### What you are asked to do:
Repeat nothing but the lines below running from the one containing "Kaksivärinen lasivitriini. Hieman" to the one containing "Our Lani midi". Keep both end lines.

### Entries shown:
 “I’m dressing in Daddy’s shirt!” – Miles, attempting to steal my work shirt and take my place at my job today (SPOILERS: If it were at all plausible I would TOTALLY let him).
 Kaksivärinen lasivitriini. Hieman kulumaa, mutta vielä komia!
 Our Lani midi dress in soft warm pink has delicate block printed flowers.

* * *

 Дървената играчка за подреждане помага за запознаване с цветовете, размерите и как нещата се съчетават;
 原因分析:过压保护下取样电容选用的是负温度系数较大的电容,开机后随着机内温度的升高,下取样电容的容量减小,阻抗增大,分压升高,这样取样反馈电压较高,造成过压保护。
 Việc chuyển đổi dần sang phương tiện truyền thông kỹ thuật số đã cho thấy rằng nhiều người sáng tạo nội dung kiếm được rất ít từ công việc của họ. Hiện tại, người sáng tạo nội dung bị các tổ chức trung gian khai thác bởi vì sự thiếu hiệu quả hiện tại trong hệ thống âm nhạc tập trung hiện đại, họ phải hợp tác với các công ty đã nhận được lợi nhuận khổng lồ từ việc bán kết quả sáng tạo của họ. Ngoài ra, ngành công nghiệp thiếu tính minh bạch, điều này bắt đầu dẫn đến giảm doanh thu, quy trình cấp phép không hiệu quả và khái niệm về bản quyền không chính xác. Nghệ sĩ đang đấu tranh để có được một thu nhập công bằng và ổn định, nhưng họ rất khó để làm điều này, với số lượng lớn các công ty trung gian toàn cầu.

### Completed task:
 Kaksivärinen lasivitriini. Hieman kulumaa, mutta vielä komia!
 Our Lani midi dress in soft warm pink has delicate block printed flowers.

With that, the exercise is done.